Sample Output (Successful Run):

                                     NVIDIA AIPerf | LLM Metrics
┏━━━━━━━━━━━━━━━━━━┳━━━━━━━━━━━━┳━━━━━━━━━━━━┳━━━━━━━━━━━━┳━━━━━━━━━━━━┳━━━━━━━━━━━━┳━━━━━━━━━━━━┳━━━━━━━━━━━━┓
┃           Metric ┃        avg ┃        min ┃        max ┃        p99 ┃        p90 ┃        p50 ┃        std ┃
┡━━━━━━━━━━━━━━━━━━╇━━━━━━━━━━━━╇━━━━━━━━━━━━╇━━━━━━━━━━━━╇━━━━━━━━━━━━╇━━━━━━━━━━━━╇━━━━━━━━━━━━╇━━━━━━━━━━━━┩
│    Time to First │ 236,267.00 │   2,967.98 │ 535,809.00 │ 528,246.99 │ 460,180.00 │ 292,846.13 │ 206,874.00 │
│       Token (ms) │            │            │            │            │            │            │            │
│   Time to Second │ 157,173.00 │     113.08 │ 473,750.00 │ 467,270.27 │ 408,951.00 │     127.74 │ 199,053.00 │
│       Token (ms) │            │            │            │            │            │            │            │
│  Request Latency │ 476,346.00 │ 297,204.97 │ 841,020.00 │ 829,081.39 │ 721,631.00 │ 350,652.38 │ 200,572.00 │
│             (ms) │            │            │            │            │            │            │            │
│      Inter Token │   3,631.07 │     106.31 │  11,204.46 │  11,020.23 │   9,362.19 │     127.14 │   4,543.17 │
│     Latency (ms) │            │            │            │            │            │            │            │
│     Output Token │       5.19 │       0.09 │       9.41 │       9.37 │       9.01 │       7.87 │       4.17 │
│   Throughput Per │            │            │            │            │            │            │            │
│             User │            │            │            │            │            │            │            │
│     (tokens/sec) │            │            │            │            │            │            │            │
│  Output Sequence │      58.00 │      32.00 │     128.00 │     125.04 │      98.40 │      42.00 │      35.84 │
│  Length (tokens) │            │            │            │            │            │            │            │
│   Input Sequence │      26.00 │       9.00 │      67.00 │      65.72 │      54.20 │      10.00 │      22.79 │
│  Length (tokens) │            │            │            │            │            │            │            │
│     Output Token │       0.24 │        N/A │        N/A │        N/A │        N/A │        N/A │        N/A │
│       Throughput │            │            │            │            │            │            │            │
│     (tokens/sec) │            │            │            │            │            │            │            │
│    Request Count │       5.00 │        N/A │        N/A │        N/A │        N/A │        N/A │        N/A │
│       (requests) │            │            │            │            │            │            │            │
└──────────────────┴────────────┴────────────┴────────────┴────────────┴────────────┴────────────┴────────────┘

Note: High TTFT variance (3s min, 536s max) is expected — the model server fetches each video URL from HuggingFace during inference, and fetch time varies with video size and network conditions.


Notes

  • The video column in MMVU contains HTTPS URLs pointing to .mp4 files hosted on HuggingFace.
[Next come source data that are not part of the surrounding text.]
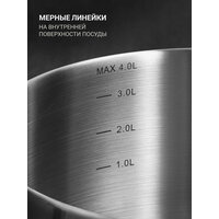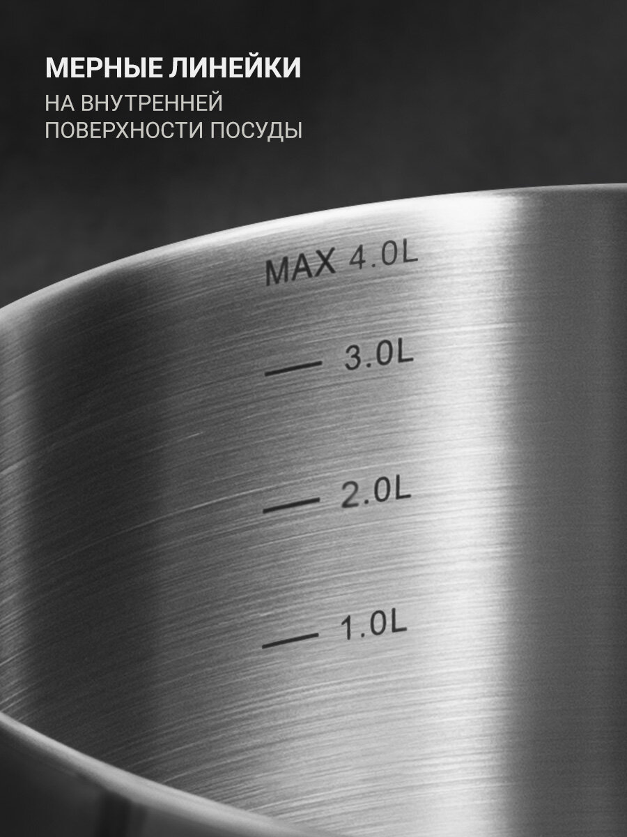 многослойное дно; мерная шкала; материал крышки: стекло; материал ручек: сталь, силиконовые вставки; крышка с двухсторонней перфорацией различного диаметра и специальная форма края кастрюли позволяет легко сливать жидкость
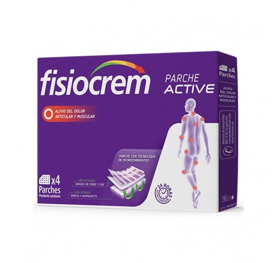 Fisiocrem Parche Active 4 Unidades. Solución efectiva indicada para el tratamiento muscular y articular. Su exclusiva tecnología de microcorrientes actúa aliviando dolores musculares, articulares y contracturas de diversas naturalezas.
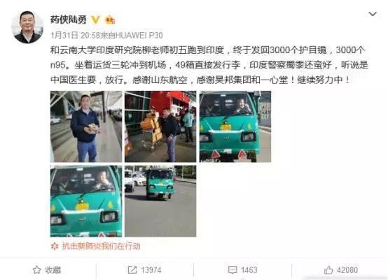 “《药神》原型”陆勇印度运口罩支援抗疫。
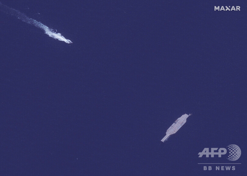 これを受けて米海軍は、「イランが停泊中の空母に似せた艦の模型への攻撃を含む軍事演習を実施したことを把握している」と明かし、「無責任かつ無謀」と批判した。(c)AFP
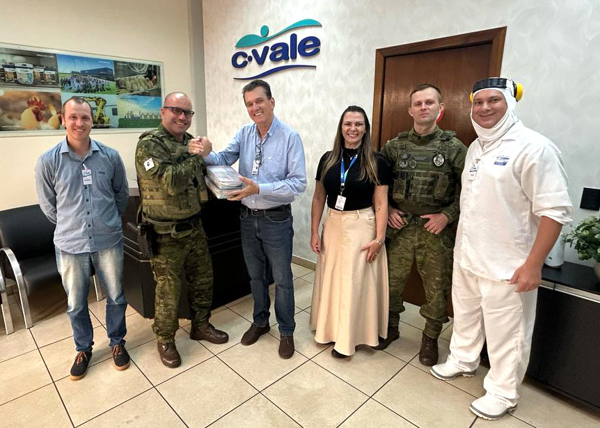 C.Vale – A equipe do abatedouro de aves da C.Vale doou um kit de treinamento especializado para os cães farejadores do BPFron (Batalhão de Polícia de Fronteira). A ação foi realizada no início do mês de abril.
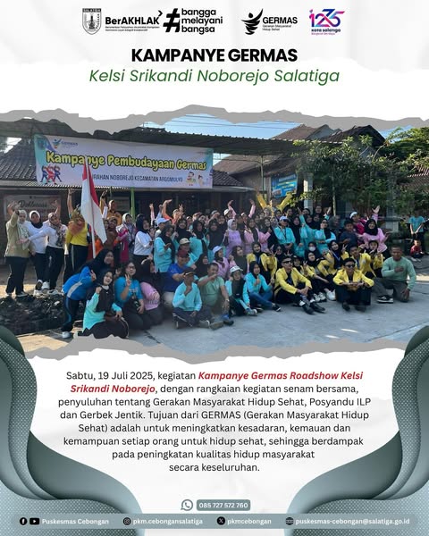 Sabtu, 19 Juli 2025, kegiatan Kampanye Germas Roadshow Kelsi Srikandi Noborejo, dengan rangkaian kegiatan senam bersama, penyuluhan tentang Gerakan Masyarakat Hidup Sehat dan kewaspadaan dini terhadap bencana / kebakaran, Posyandu ILP dan Gerbek Jentik. Tujuan dari GERMAS (Gerakan Masyarakat Hidup Sehat) adalah untuk meningkatkan kesadaran, kemauan dan kemampuan setiap orang untuk hidup sehat, sehingga berdampak pada peningkatan kualitas hidup masyarakat secara keseluruhan.
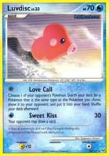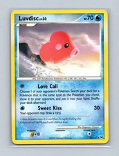 Luvdisc is a Rare Pokémon card from the Platinum Pokémon TCG set, released 2009, illustrated by Kagemaru Himeno. It sits at card number 35 in the Platinum checklist, classified as a Water-type Pokémon with 70 HP and the Basic subtype.
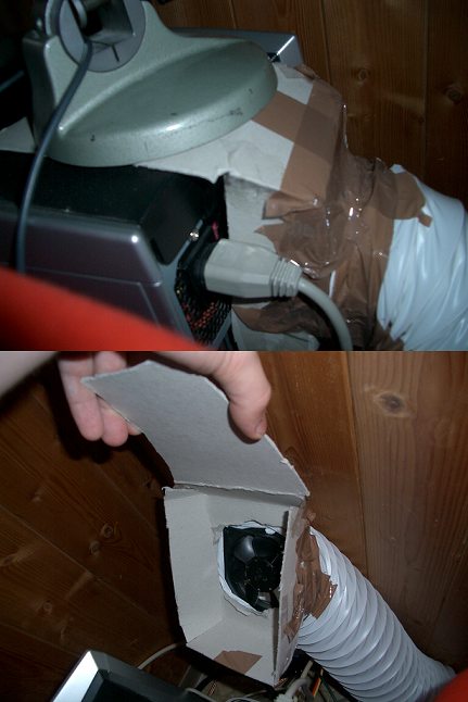 (die karton konstruktion sieht man nicht, weil sie hinter dem pc ist)übrigens: der 3 Meter lange schlauch hindert den luftstrom kaum, sogar wenn man wendungen etc macht, kommt immer noch viel luft
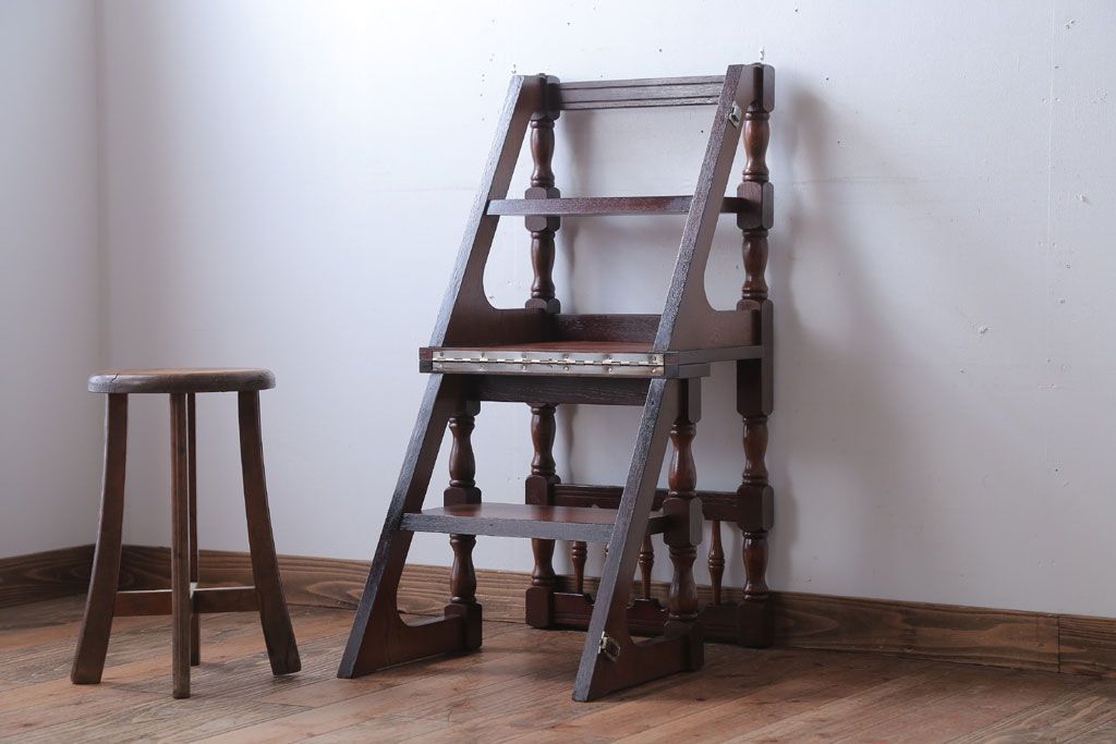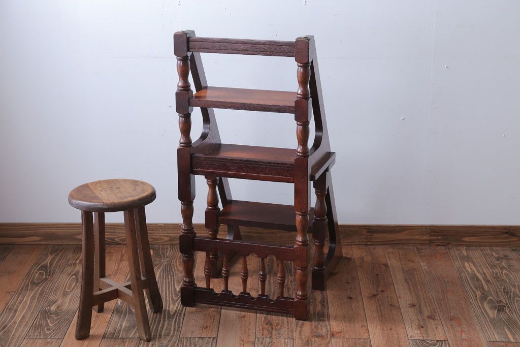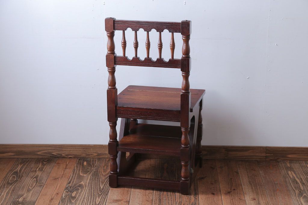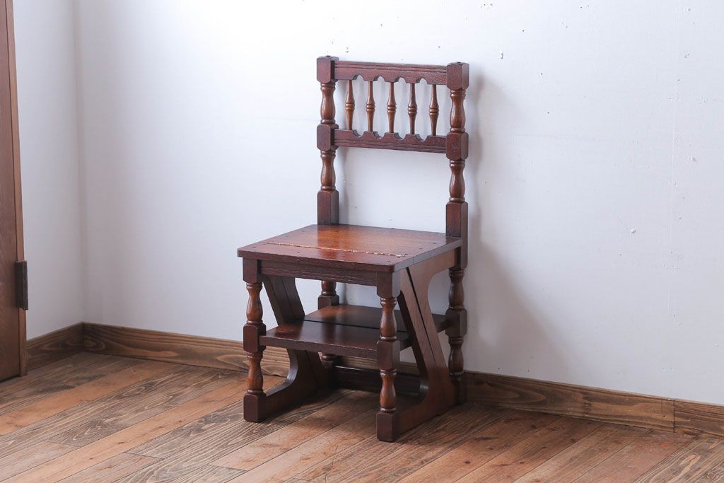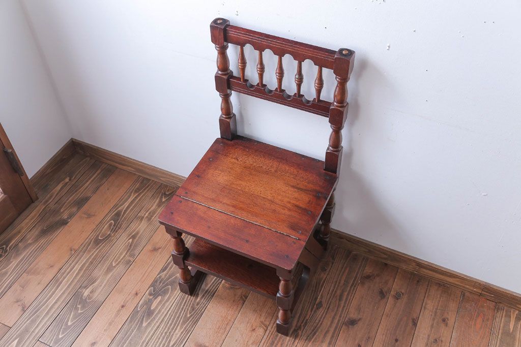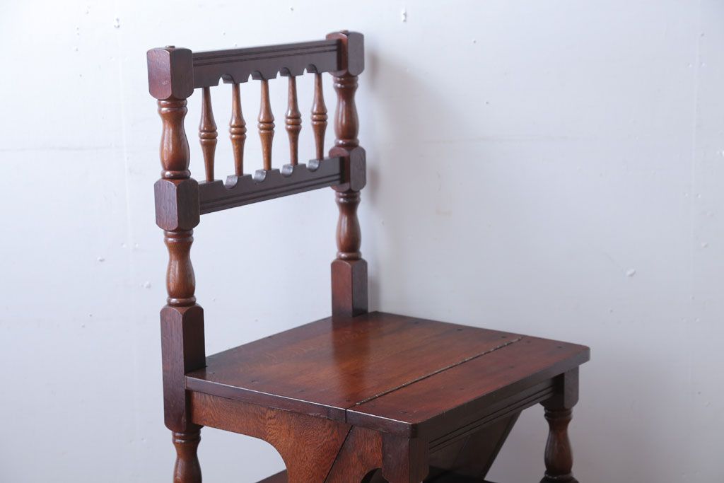 アンティーク家具 イギリスアンティーク 重厚なオーク材の2wayチェア(脚立)
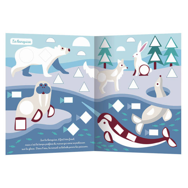 Zeszyt z naklejkami Kształty Zima od Auzou. Zestaw zawiera ilustrowaną książeczkę oraz 500 naklejek o geometrycznych kształtach do wyklejania z motywem zimowej krainy oraz zamieszkujących ją zwierzątek. Bardzo poręczny zestaw doskonale sprawdzi się w trakcie podróży. Świetny pomysł na drobny prezent. Wygodna forma zeszytu.
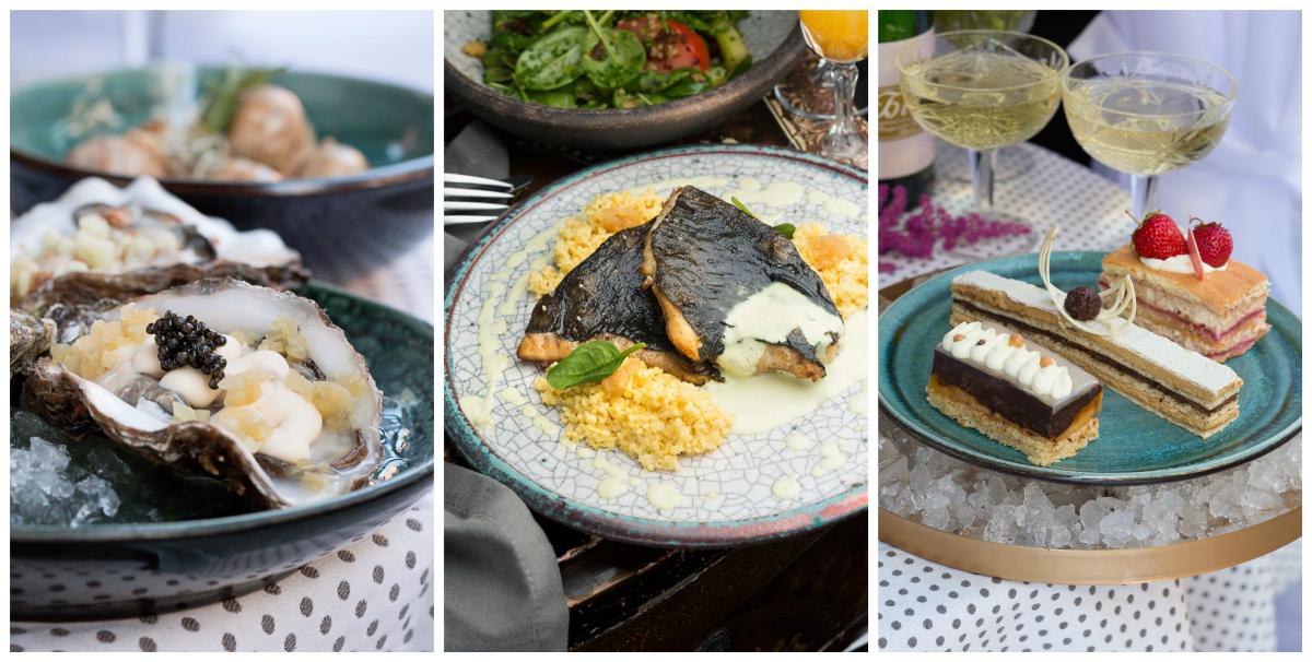 - На десерт: вівсяно-горіховий декуаз, кремю із витриманих сирів, компоте із груші та мус із вершкового сиру та шампанського
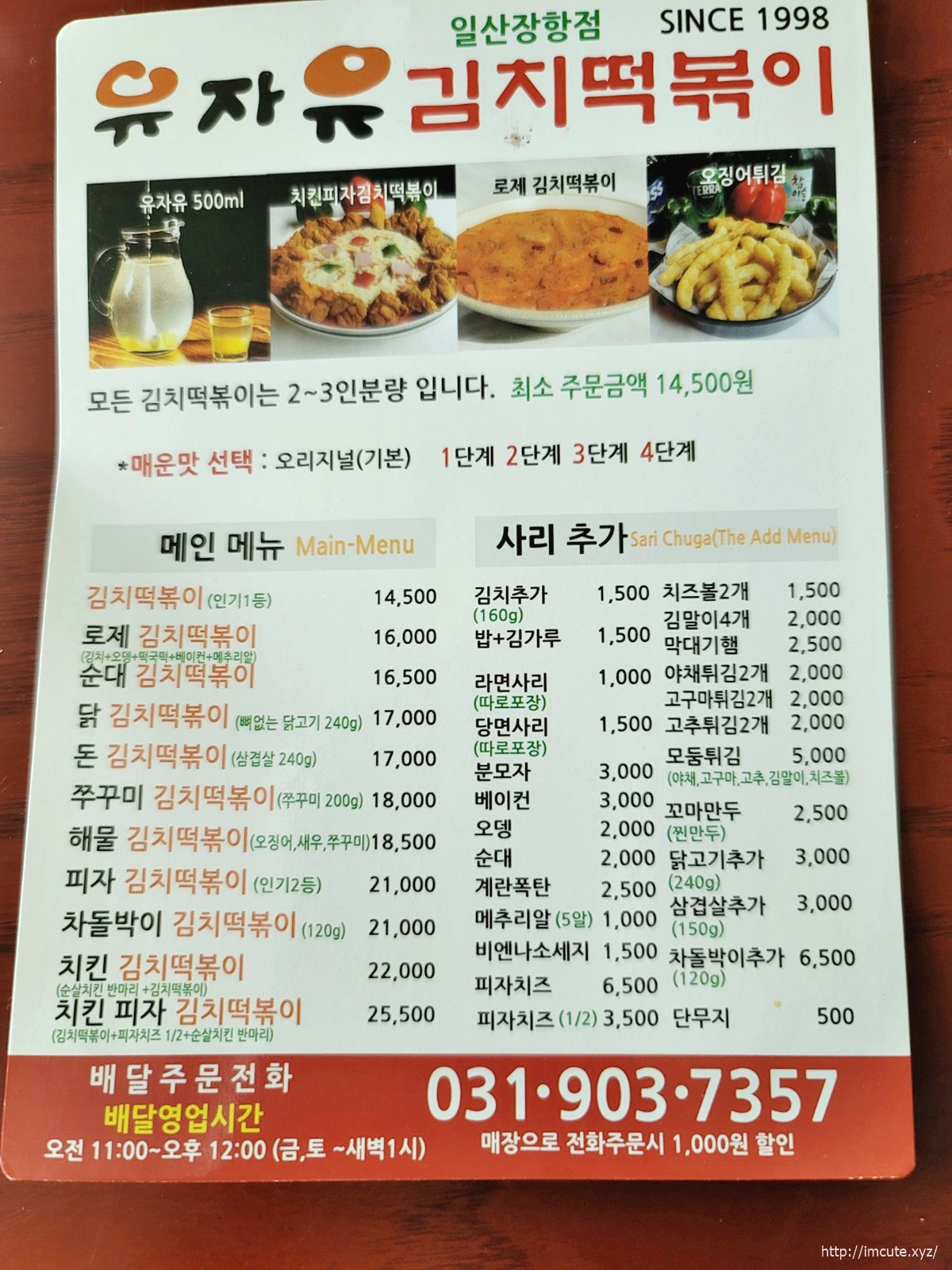 저는 일산 정발산 장항동 유자유 김치떡볶이 메뉴를 기준으로 소개해드리겠습니다(지점마다 차이가 있을수 있어요)

AIPerf passes these URLs directly to the model server, which fetches the video during inference.
  • For multiple-choice questions, choices are appended to the question in the format A.option B.option .... Open-ended questions use the question text only.
  • The dataset has a validation split with samples spanning multiple academic disciplines (Art, Science, Engineering, etc.).